After spending 20 years on death row following his conviction on double-murder charges, former Texas inmate Clinton Young was released from prison earlier this week.

Young was convicted of two capital murder charges in 2003, but a new trial by the Texas Court of Criminal Appeals — permitted in September 2021 — found that the prosecutor in Young's case also worked for the judge presiding in his trial, according to local media outlet KWES-TV.

Judge John Hyde, the now-deceased judge who oversaw Young's original trial, paid the prosecutor, Weldon Ralph Petty, as a judicial clerk, according to court records.

Young was transferred from death row to another facility in October 2021 after District Judge Sid Harle ruled in April 2021 that the working relationship between Hyde and Petty in Young's original case prevented him from having a fair trial, KWES-TV reported.

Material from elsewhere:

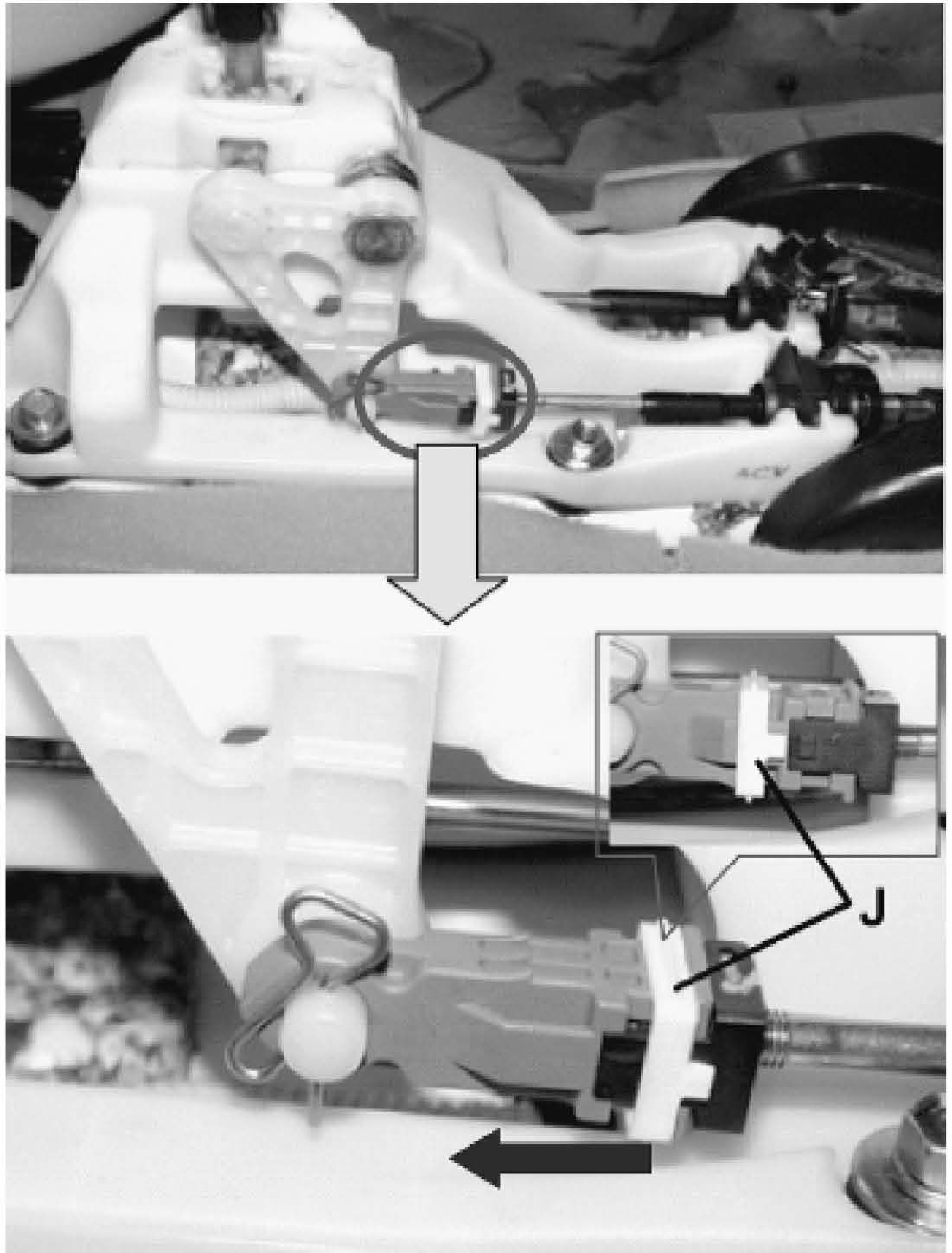 8. Move the white cover of cable adjuster (J) rearward.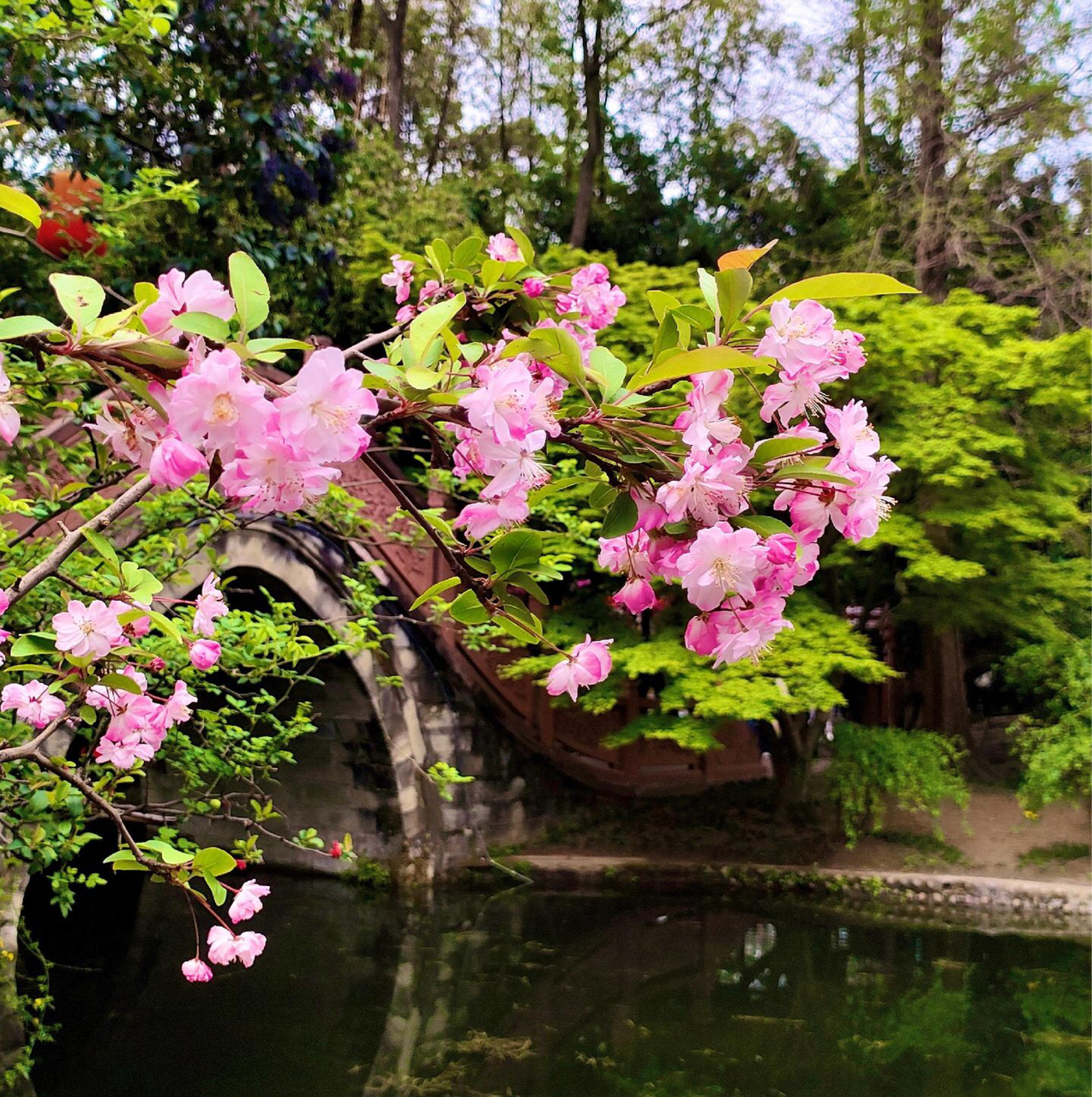 今天溜达到园子深处,小河弯弯,石桥拱拱,正开得热闹~风一吹,花瓣簌簌落进水里,倒影晃着晃着,分不清哪边是真哪边是梦。蓝天懒懒铺在头顶,阳光斜斜穿过枝条,在青苔石阶上画光斑。蕨类悄悄冒头,草色刚染新绿,连空气都软乎乎的。谁说赏樱非得挤人堆?静一点,慢一点,春就自己踮脚走来啦~

A $150,000 bond was set for Young on January 19, 2022. After a single day of crowdfunding for 15% of the bond, legal fees, and other expenses, Young was released, according to the foundation made in his name.

"It's not a win until my feet touch grass," Young said after his release, according to a Facebook video.

Young's story garnered both national and international attention after a documentary released in 2021 alleged inconsistent testimonies, new information, and missing evidence in his case. He denied responsibility on the charges he was convicted on.

He now awaits a retrial and can do so out of jail, the Clinton Young Foundation said in a Facebook post.

"Being on death row makes you want to think about your legacy," Young said in a video clip posted to Facebook. "I want to do good things. I want to help other people. I want to fix a broken system."

Young did not immediately respond to Insider's request for comment.